The following section details the usage of a ChromaDB for ultrafast retrieval of DTIs. Note that creation of the database is a computationally costly preprocessing step, but it only needs to be done once for a given library.

Make a vector database of drugs

ultrafast-store --data-file data/DAVIS/test_foldseek.csv \ --embeddings results/DAVIS_test_drug_embeddings.npy \ --moltype drug \ --db_dir ./dbs \ --db_name davis_test_drug_embeddings

Report top-k accuracy by querying targets against the drug database

ultrafast-report --data-file data/DAVIS/test_foldseek.csv \ --embeddings results/DAVIS_test_target_embeddings.npy \ --moltype target \ --db_dir ./dbs \ --db_name biosnap_test_drug_embeddings \ --topk 100

Compute TopK Hits for a given Query

This section details finding the TopK hits without using ChromaDB. This is likely faster if you are only going to query a library a few times or if you can massively parallelize the TopK search.

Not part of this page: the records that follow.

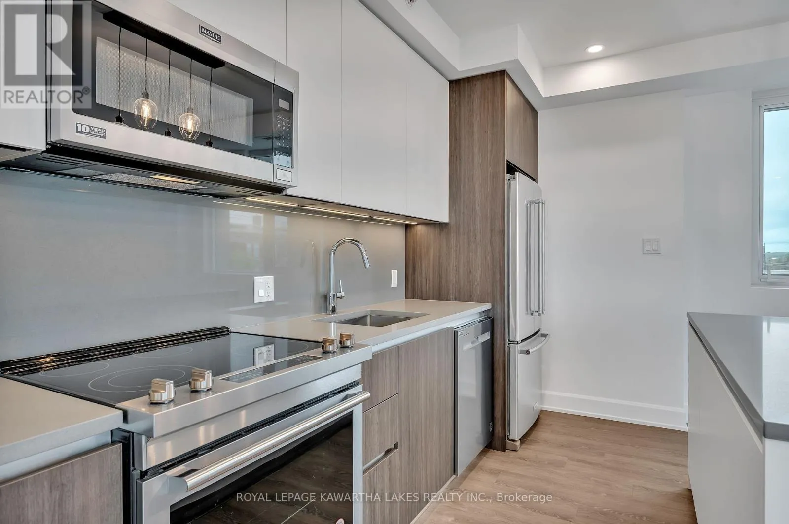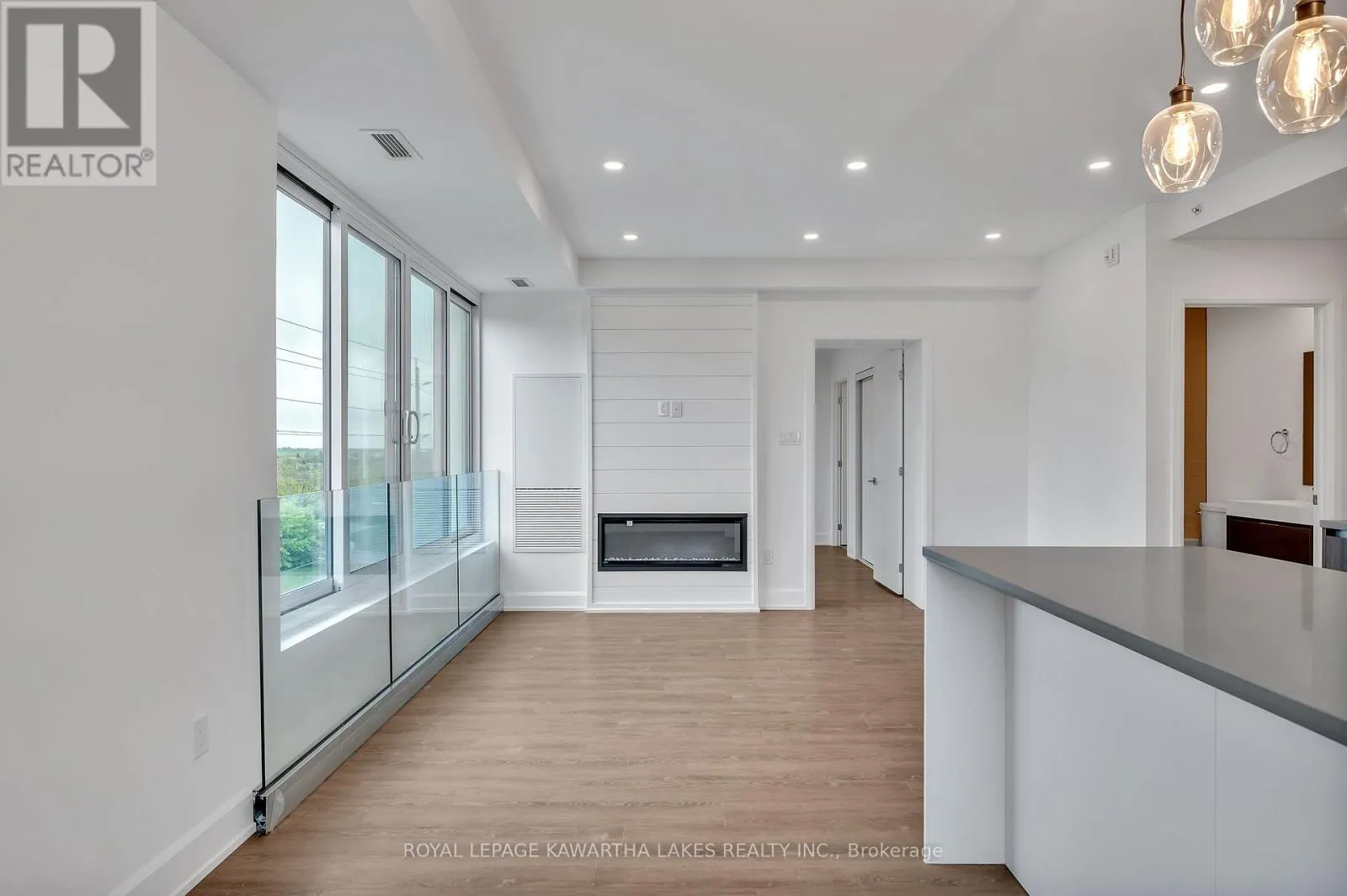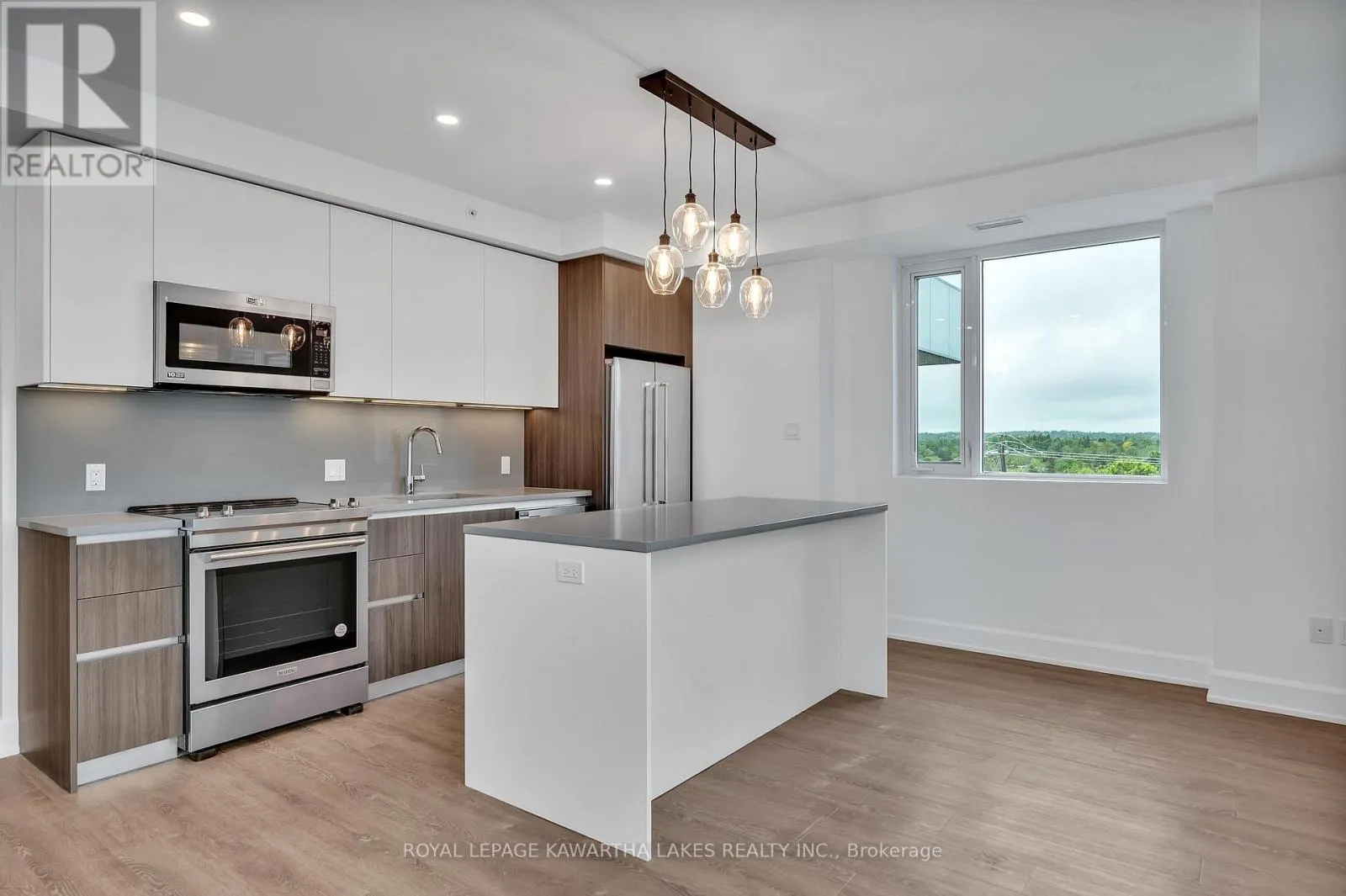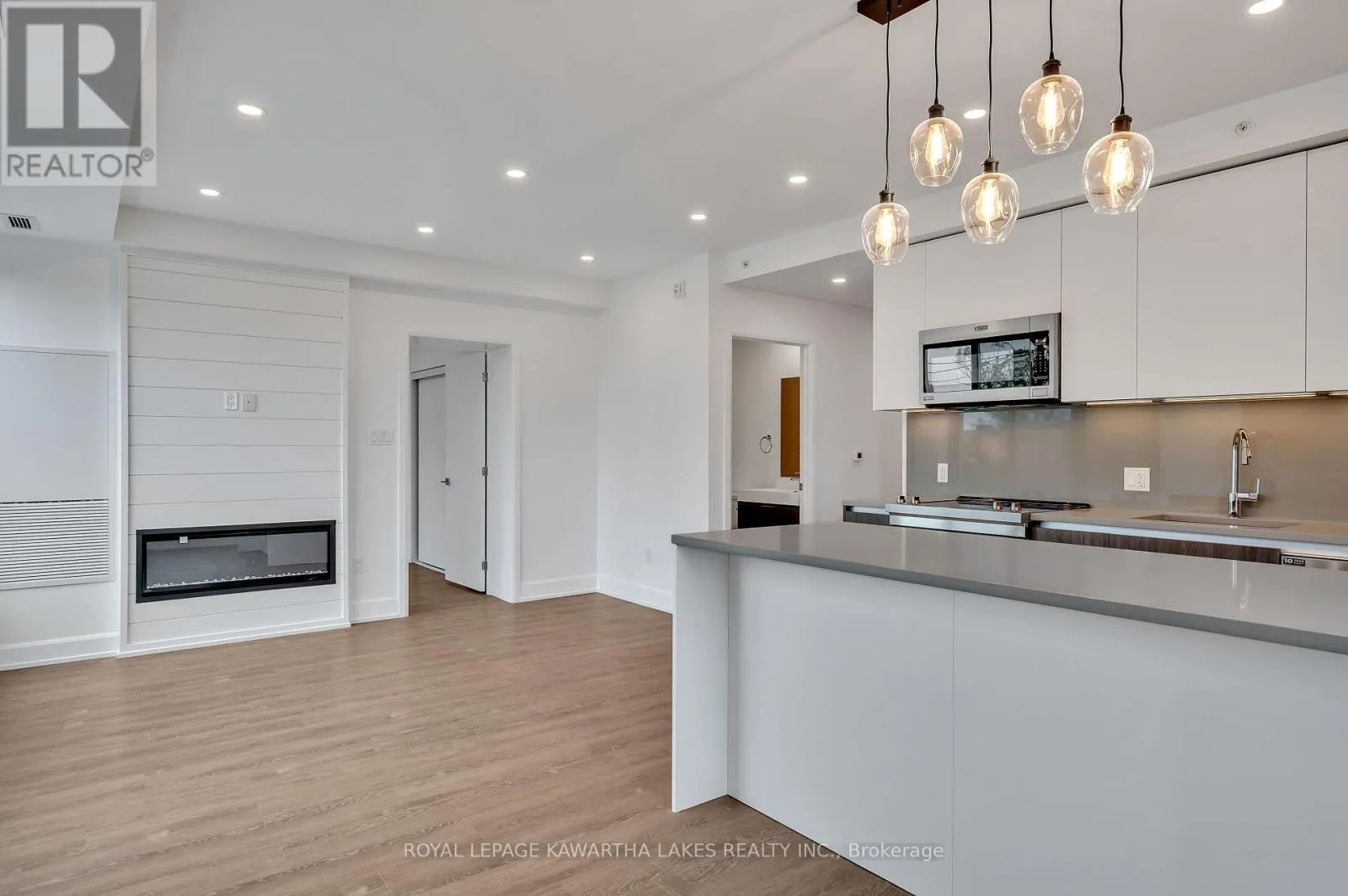 Cross Streets: Corner of Armour Road & Hunter Street East. ** Directions: Armour Road & Hunter Street East. Luxury Living in the Heart of Peterborough. Discover elevated condo living in this brand-new, stylish residence offering an open-concept layout with 9-foot ceilings and Gas Fireplace. The chef-inspired kitchen features an oversized island, quartz countertops, built-in stainless steel appliances, and custom cabinetry, perfect for cooking and entertaining. This modern condo includes 2 spacious bedrooms and 2 sleek bathrooms, designed for comfort and style. Designer upgrades are found throughout, creating a refined living experience. Enjoy top-tier amenities, including a contemporary lobby, 8th-floor lounge and party room with a two-sided fireplace, a private dining area that opens to a stunning rooftop terrace with panoramic views of the city. Stay active in the fully equipped fitness centre and take advantage of the on-site pet washing station. Ideally located in East City, you're steps from shops, cafes, bakeries, parks, and Rogers Cove Beach. Includes underground parking space P2-19 for added convenience. Move into Peterborough's most luxurious and vibrant condo community, where modern design meets unmatched lifestyle. Note - Heating costs are included in monthly condo fees. (id:27476)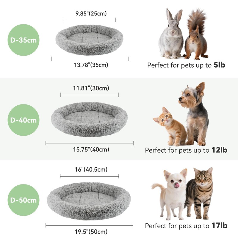 - Cat bed for indoor use: This is a great, comfortable, and warm gift for cats and puppies at home. Very suitable for pets to curl up on the cat bed. Put it anywhere your rabbit or cat likes, such as on a cat climbing frame, sofa, floor, or window. Lightweight material is easy to move and the soft and fluffy polycoton makes cats love this round bed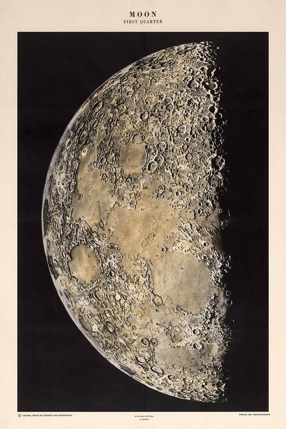 El "Primer Cuarto de la Luna", originalmente titulado "Luna: Primer cuarto", es una notable litografía en color antigua creada por Josef Klepešťa en 1961. Esta obra de arte captura un mapa detallado de la luna durante su primer cuarto, destacando sus prominentes cráteres y montañas lunares, basado en fotografías tomadas en el Observatorio Lick en California y otros observatorios internacionales.

We can compute the TopK hits for a set of targets against a database of drugs. ultrafast-topk --library-embeddings results/DAVIS_test_drug_embeddings.npy \ --library-type drug --library-data data/DAVIS/test_foldseek.csv \ --query-embeddings results/DAVIS_test_target_embeddings.npy \ --query-data data/DAVIS/test_foldseek.csv \ -K 100 or we can compute the TopK hits for a set of drugs against a database of targets by swapping the library and query arguments and changing the --library-type.

If you are computing the TopK hits for a large database, it is often faster to break it up into smaller chunks and compute the TopK per chunk in a parallel fashion. The chunks can be combined at the end to get the final TopK hits for the entire database: python utils/combine_chunks.py [directory containing the TopK per chunk] -K 100 -O [output file]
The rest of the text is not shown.